“My grocer grandfather was the first actor I knew”

By Sandrine Blanchard

Posted today at 02:03

Comedian, actor and producer, Jamel Debbouze, born in France to Moroccan parents, has become, since the 1990s, the best known of French stand-up artists and an endearing face in cinema (Asterix and Obelix: Cleopatra mission, Native, On the Marsupilami’s trail, The cow…). Thanks to the Jamel Comedy Club in Paris, he opened the scene to young people from the suburbs and brought out a new generation of comedians. On May 9, Pierre Lescure presented him with the 2022 Citizen Artist Prize awarded by Adami, the civil society for the administration of the rights of artists and performing musicians.

At 46, the “little guy from Trappes”, inveterate tutor, always multiplies the projects. He will launch, on June 15 in Morocco, the tenth edition of the Marrakech humor festival and will be, on June 24, on the stage of the Comédie-Française on the occasion of the Culture & Diversity Improv Trophy. On October 19, we will find him alongside Daniel Auteuil in The New Toy, by James Huth, a new version of the film The toy, by Francis Veber (1976), in which Jamel Debbouze will take over the role of Pierre Richard.

I wouldn’t have come here if…

…if my parents hadn’t supported me and encouraged me body and soul. When I announced to my mother that I was stopping school – oriented in BEP, I didn’t like that at all – she worried about what I wanted to do. As I had started improvisational theater in college, I told him: “I think I would like to try to be an actor. She asked me, “What do you need?” I replied, “Just a lavalier microphone.” At the time, this type of equipment was expensive. She took out a loan to buy it for me. This gesture was a sign of his unwavering support and transmitted to me a strength that allowed me to overcome all obstacles.

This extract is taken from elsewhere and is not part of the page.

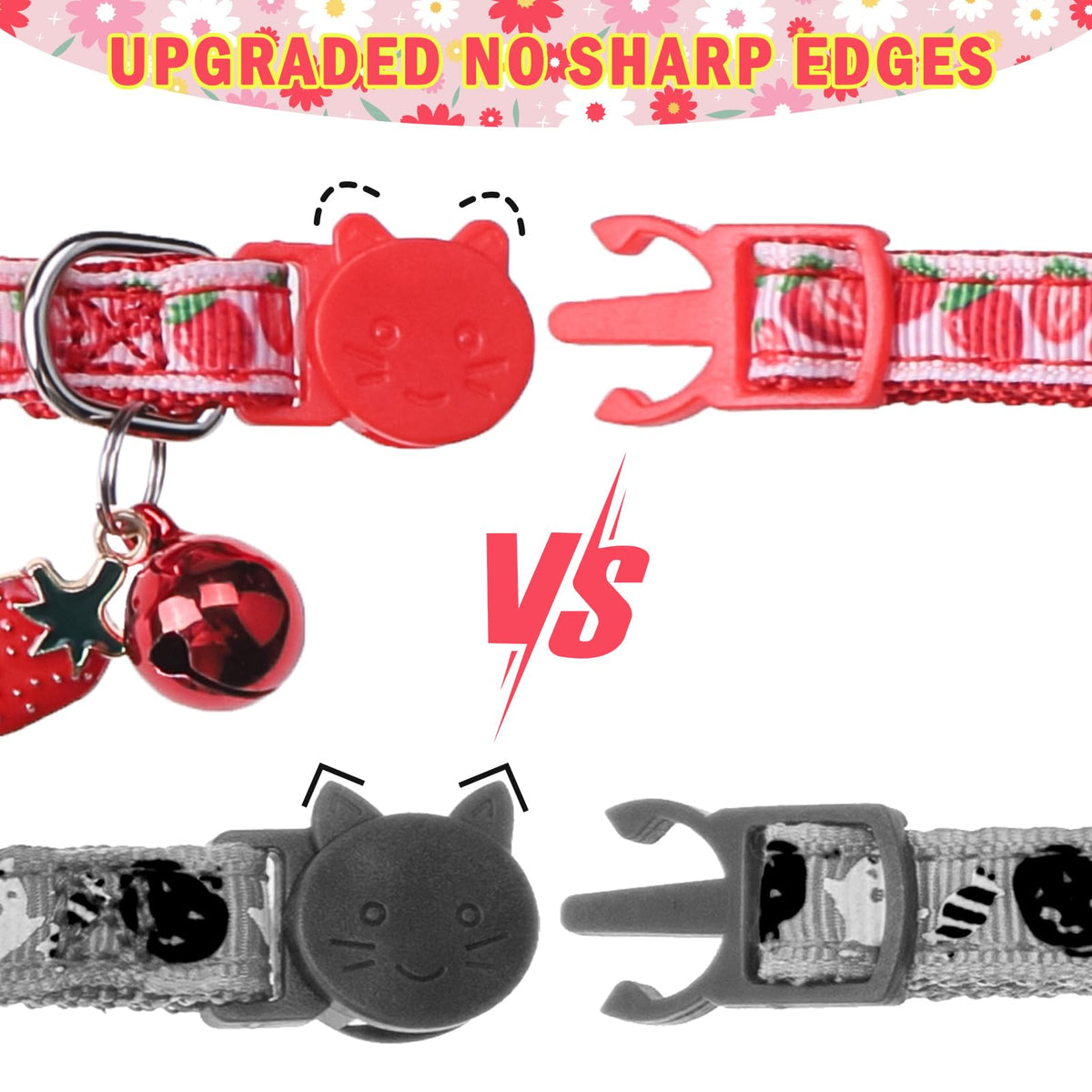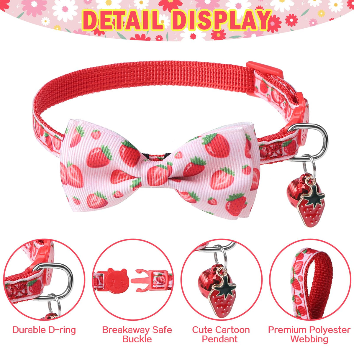 Scenereal Breakaway Cat Collar With Bell, 2 Pack Safety Adjustable Cat Collars With Pendant, Pink Personalised Puppy Kitten Coll

And your father, did he agree?

He knew very well that at school I was going wrong. Initially, for him, being an actor was, he said, “for homosexuals and queers”! Then, when I received my first check after a performance, he asked me: “How are the rehearsals going? My father was a pragmatist! I had answered the only question that mattered to him: how do you fill the bowl? He understood that it was a real job and supported me.

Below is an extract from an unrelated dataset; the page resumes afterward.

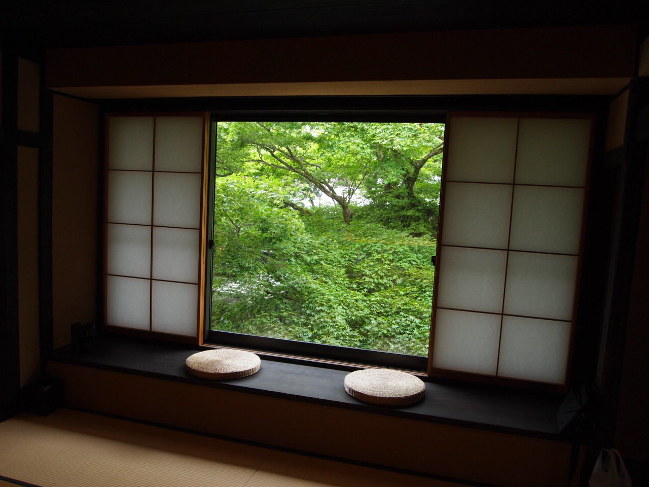 青々した木々が見える窓辺。 腰掛けてまったりもできます。

How was your life in Trappes, in the Yvelines, before you left school?

I had a happy childhood in Trappes. Full of life and… a lot of bullshit, of course! But never too big not to bother my parents and avoid ending up in Bois-d’Arcy [la maison d’arrêt située à quelques kilomètres de Trappes], like many of my friends. The only time I entered this prison was to give a show. I found plenty of faces that I knew! It was my first audience, they listened to me on Radio Nova and wanted dedications.